Task goal. From the material below, return exactly the lines starting at the one that holds "Tehát, Hálózati és" and ending at the one that holds "GANT jakke i". Pictures stay out of the answer.

*** Opening Dataset ***

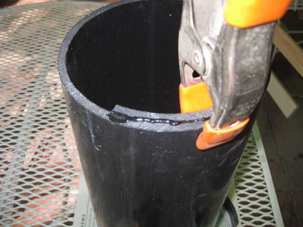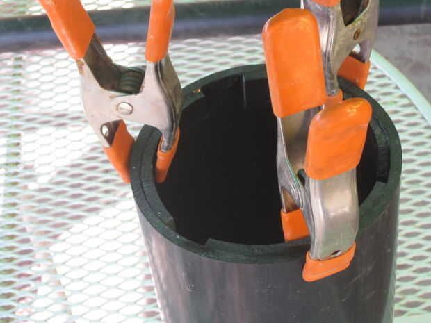 Deje que la Asamblea se seque durante una hora (más si hace frío afuera). Retire las abrazaderas, voltee el tubo y los otros tres arcos del cemento en el otro extremo de la tubería.
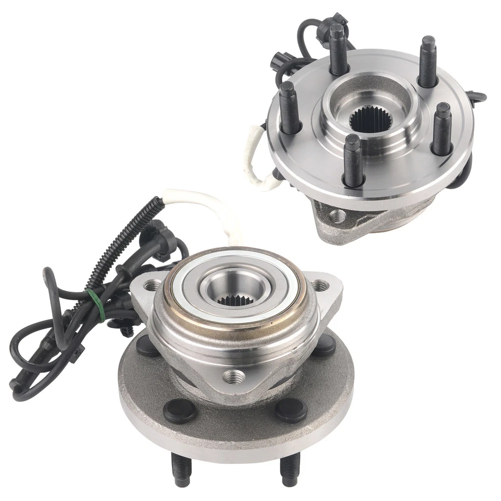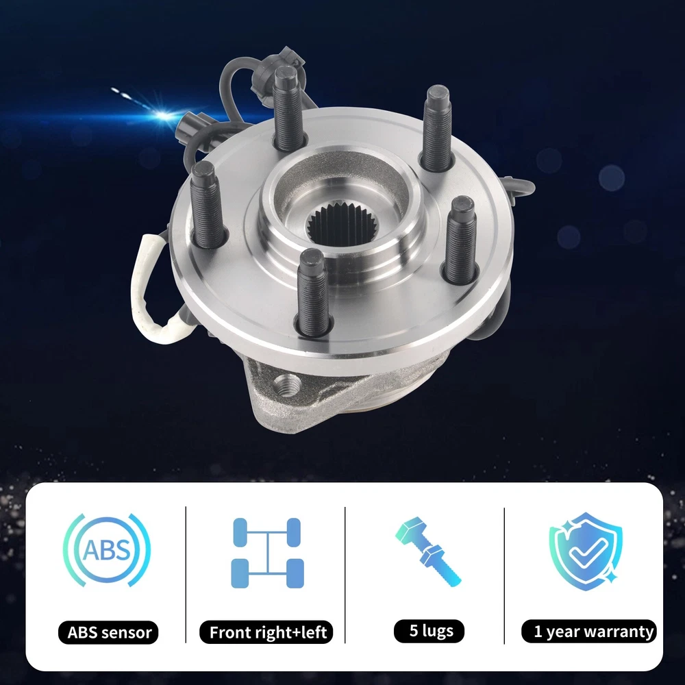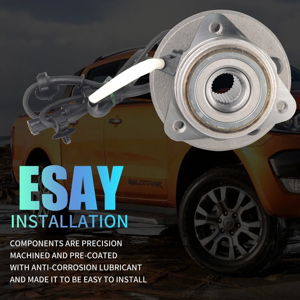 Specification OE Number: 515052 Item Weight(lbs): 9.48 Item Size(LengthxWidthxHeight:inch): 5.91x5.91x5.91 Number of Splines: 27 Knuckle Bolt Circle Diameter: 4.75 in. / 120.6 mm Lugs Included: Yes Material: Steel Finish: Polished,Rust Protected Type: Ball Bearing Wheel Stud Quantity: 5 Flange Shape: Triangular Hardware Included: No Hub Pilot Diameter: 3.94 in. C-Clip Included: No Fitment Type: Direct Replacement Knuckle Bolt Hole Size: M12*1.75 Flange Bolt Hole Quantity: 3 Flange Diameter: 5.88 in. Placement on Vehicle: Front Wheel Hub Bearings Unit: 2 Package Include: 2*Front Wheel Hub Bearings Bearing Generation: G3 Anti Lock Braking System Type: Cable Anti Lock Braking System: Yes Package Dimensions(LengthxWidthxHeight:inch): 5.91x5.91x5.91 ABS Sensor Included: Yes Bolt Size: 1/2-20UNF Bolt Pattern: 5 x 4.5 in. Bolt Circle Diameter: 4.5 in. / 114.3 mm Wheel Pilot Diameter: 2.78 in. / 70.5 mm Brake Pilot Diameter: 2.83 in. Flange Offset: 2.21 in. Bolt Thread Pitch: 1/2-20UNF Package Weight(lbs): 10.58 Fitment 1995-2001 Ford Explorer 2000-2009 Ford Ranger 2001-2005 Ford Explorer Sport Trac 2001-2003 Ford Explorer Sport 2001-2002 Mazda B3000 2001-2009 Mazda B4000 2003-2009 Mazda B2300 1997-2001 Mercury Mountaineer Features & Benefits 1.Material & Qaunlity - Wheel Hub Bearing Assembly is specially quality-tested and engineered to the highest of manufacturing standards, meet or exceed OE quality. The induction-hardened raceway provides superior load-bearing capacities and service life. Worry-free of abnormal noises or faulty connection. 2.Main Function - Hub bearings can fix the tire and support the gravity of the whole body, provides precise guidance for the rotation of the hub. wheel hub bearing enables the wheels and attached components to rotate smoothly and keeps the wheel attached to the car. High quality wheel hub assembly make you enjoy your vehicle in a safe and smooth 3.Premium Features - Our wheel bearing assemblies manufactured by high-quality materials for ensuring precisely matches, durability, reliability and premium performance. The high-quality seal design provides superior anti-pollution protection, ensuring that the hub bearings are clean, long lasting and minimizing noise and vibration. Wheel bolts with protective coating that helps prevent rust and corrosion and makes it easier to disassemble and properly twist the wheel nuts 4.Easy To Installation - Assembling has excellent performance, precise overall structure, easy and quick installation 5.Corrosion Protection - Wheel hub bolts with protective coating, not easy to rust and corrode, and easier to tighten the wheel nuts. Better seal design, which lasts and minimizes noise and vibration. Each item is factory quality inspected according to OEM production standards and meets the highest standards. 6.Keeps Water And Dirt Out -- Quad lip seal design inhibits damage by keeping moisture and other contaminants out 7.Service & Warranty - I-year warranty for all Wheel Hub Bearing Assembly, well-packaged, any problems please feel free to contact us first, let's make it right!
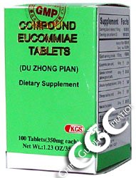 This is a patent remedy based on the experimental formula "Fufang Duzhong Pian (Compound Cortex Eucommia Tablets), which is used to lower blood pressure for cases of hypertension due to deficiency of the kidney with hyperactive liver yang, marked by headache, dizziness, tinnitus, blurred vision, heaviness of the head, palpitation, restlessness, soreness and weakness of loins and knees, dry throat and mouth.
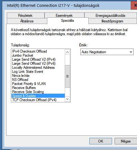 Tehát, Hálózati és megosztási központ megnyitása, ott katt az Ethernet-re/Tulajdonságok/Beállítások/Speciális/ itt a Tulajdonságok közül kiválasztani a Speed és Duplex-et, és jobbra az Auto Negotiation-t átállítani 100 Mbps értékre.
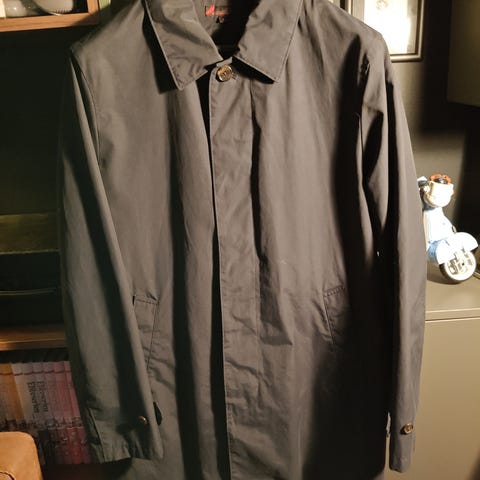 GANT jakke i blå farge, størrelse S for menn. Jakken har en rutete innerfôr og glidelåslomme. Materialet er slitesterkt og egnet for utendørs bruk. VÅRJAKKE
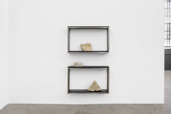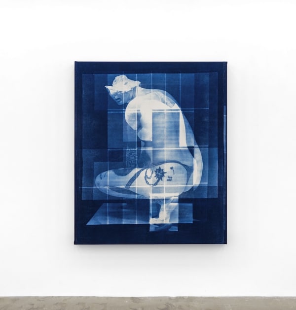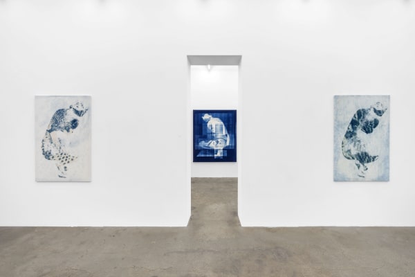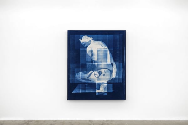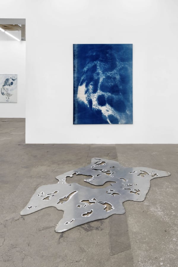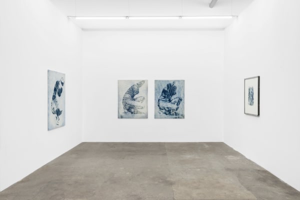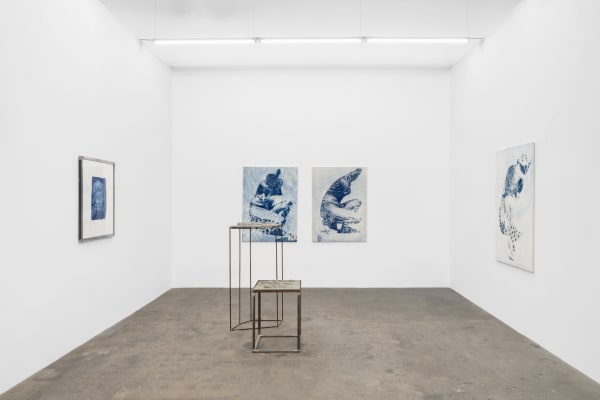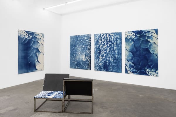 While Klara Meinhardt's previous gallery exhibition in 2022 focused thematically on identity-forming environments, in CONCEPT ROOM the artist now brings together and continues various strands from her work in terms of form, technique and content. Once more there is a focus on people's relationship to their own bodies, and the diverse cultural practices and techniques involved in shaping and improving the human body. The largest room of her most recent exhibition, however, focuses on another relationship: that between animals and humans. Cyanotypes, which take up the patterns of animal fur, scales and skin, adorn the walls of the room. The two heavy steel chairs invite visitors to take a seat and look at the prints and sculptural objects, which are presented like hunting trophies.
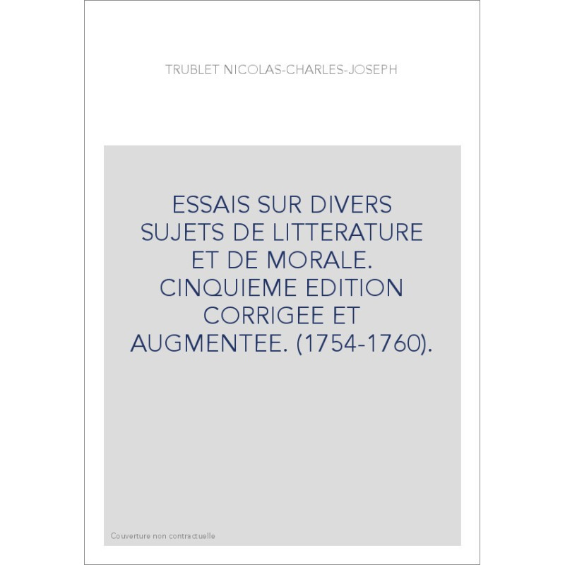 ESSAIS SUR DIVERS SUJETS DE LITTERATURE ET DE MORALE. CINQUIEME EDITION CORRIGEE ET AUGMENTEE. (1754-1760).
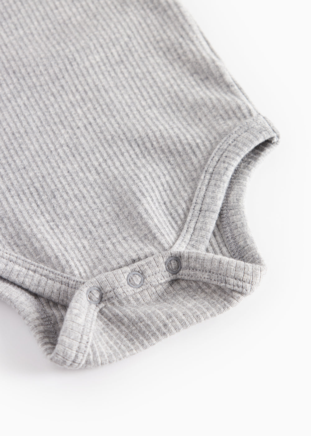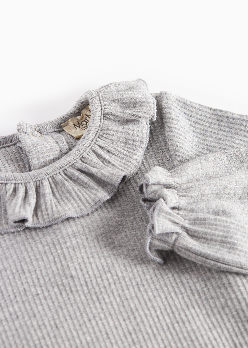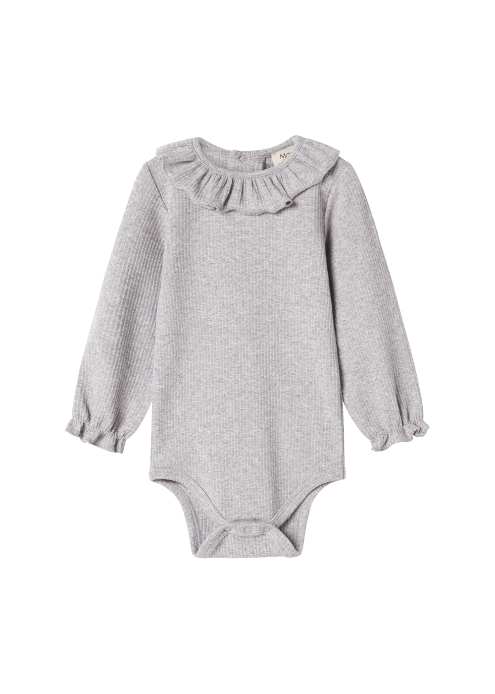 Langærmet baby bodystocking med flæsekrave samt flæsekant på ærmer. Bodystockingen bliver lukket bagpå med trykknapper samt mellem benene for nem bleskiftning. Bodystockingen er både ribstrikket, blød, holder form og farve og har elastan i sig som gør den strækbar og behagelig at have på.
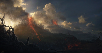 Zbieram się i zbieram oglądając twoją grafikę raz po raz, by w końcu skomentować. Kiedy myśle, że nie wyskoczysz już z niczym co by mnie zadziwiło nagle. PACH! Oczy mi na wierzch wychodzą. Nie wiem skąd bierzesz natchnienie, ale...po prostu brak słów. Może mój nieco mroczny nastrój napędzany pogodą skłania mnie do tego, ale mniejsza o większość. Obraz jest po prostu wspaniały. To w jaki sposób to wszystko pokazujesz jest cudne. Od tego złowieszczego wulkanu, że tak powiem. Po spokojne miasto które wydaje mi się, że niemal ożyje za moment i stanie w płomieniach. Grafika wzbudza też we mnie ciekawość elementem kamiennej bramy? Wrót kopalni? Nie wiem co to, ale samo nasuwa mi się pytanie. A co tam jest? Przewaga kolorystyki jest dość mroczna, ale zieleń trawy jak i to miasto przyjemnie ją łamią. Piękny kawał dobrej roboty. Podziwiam jak zawsze. Brawo.
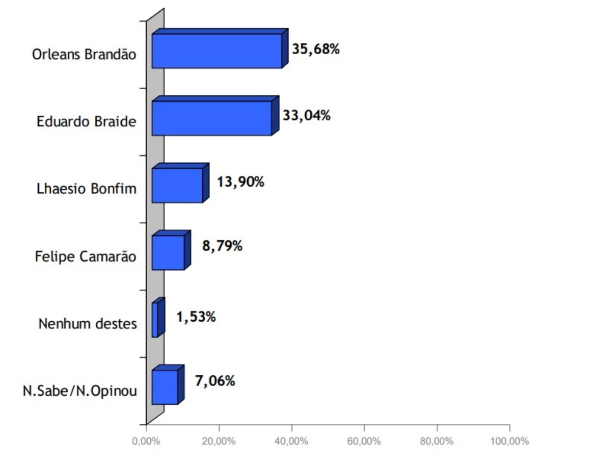 No levantamento estimulado, Brandão aparece com 35,68% das intenções de voto, seguido por Braide, que registra 33,04%. O ex-prefeito de São Pedro dos Crentes, Lahesio Bonfim (Novo), soma 13,90%, e o vice-governador Felipe Camarão (PT) marca 8,79%. Entre os entrevistados, 1,53% afirmaram não votar em nenhum dos nomes apresentados, enquanto 7,06% não souberam ou não responderam.
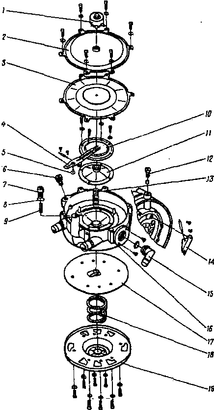 1 - электромагнитный клапан; 2 - крышка второй ступени; 3 - диафрагма второй ступени; 4 - рычаг клапана второй ступени; 5 - опорная прокладка клапана; 6 - пробка слива отстоя; 7 - винт регулировки давления во второй ступени; 8 - уплотнительное резиновое кольцо; 9 -регулировочная пружина второй ступени; 10 -разгрузочное кольцо; 11 - диафрагма разгрузочного устройства; 12 - соединение; 13 - пружина разгрузочного устройства; 14 - рычаг клапана первой ступени; 15 -выходной газовый патрубок; 16 - корпус редуктора; 17 - диафрагма первой ступени; 18 - пружина первой ступени; 19 - крышка первой ступени
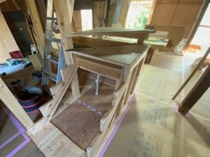 2階へ上がる階段の踊り場でした。i井棟梁、階段の造作に入った様子です。愛弟子のk田君は、大棟梁の現場からそろそそ戻ってきていますかね~?
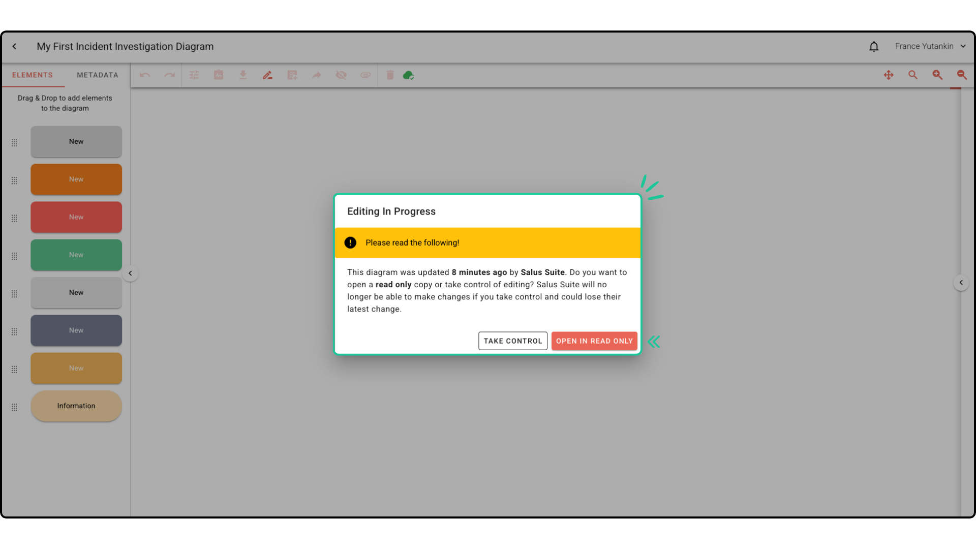 Incident Insight allows multiple users to edit the same diagram. However, users cannot edit a diagram at the exact same time. Users may enter into Read Only mode or Take Control.
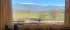 - Wohnzimmer (Panoramablick auf die Koralm) mit Kachelofen & Balkon
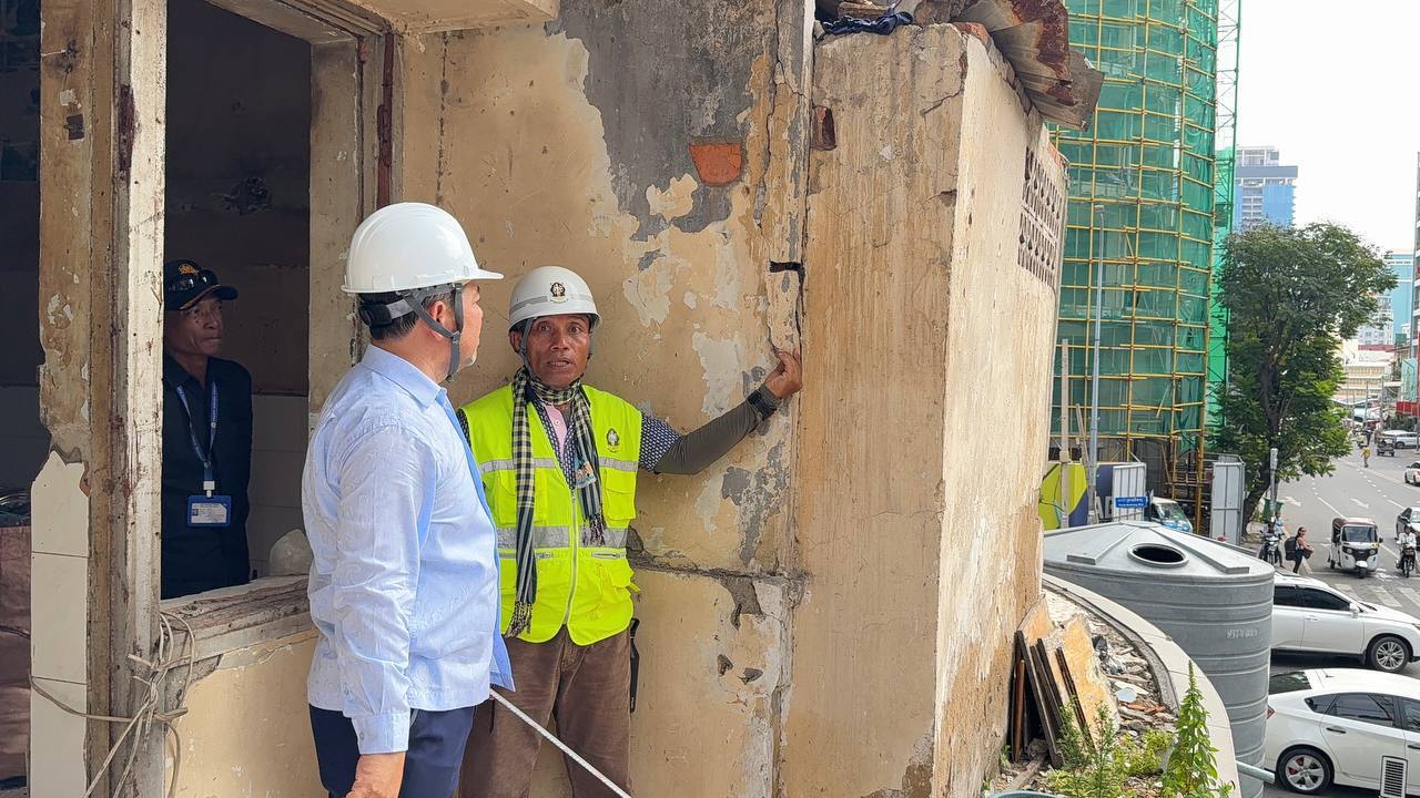 រាជធានីភ្នំពេញ ៖ បន្ទាប់ពីមន្ត្រីជំនាញនៃក្រសួងរៀបចំដែនដី នគរូបនីយកម្ម និងសំណង់ និងគណៈអភិបាលខណ្ឌ៧មករា ធ្វើពិធី«ក្រុងពាលី»សុំសេចក្តីសុខពីម្ចាស់ទឹកម្ចាស់ដីជាផ្លូវការ រួចមក កាលពីព្រឹកថ្ងៃទី២១ ខែតុលា ឆ្នាំ២០២៥ លោកអភិបាលខណ្ឌ៧មករាបានដឹកនាំមន្ត្រីជំនាញទៅពិនិត្យការដ្ឋានអគារអតីត «សណ្ឋាគារអង្គរមានជ័យ» ដែលអ្នកបច្ចេកទេសកំពុងវាយកម្ទេចជាបណ្តើរៗ ។

*** Closing Dataset ***

Expected answer.
 Tehát, Hálózati és megosztási központ megnyitása, ott katt az Ethernet-re/Tulajdonságok/Beállítások/Speciális/ itt a Tulajdonságok közül kiválasztani a Speed és Duplex-et, és jobbra az Auto Negotiation-t átállítani 100 Mbps értékre.
 GANT jakke i blå farge, størrelse S for menn. Jakken har en rutete innerfôr og glidelåslomme. Materialet er slitesterkt og egnet for utendørs bruk. VÅRJAKKE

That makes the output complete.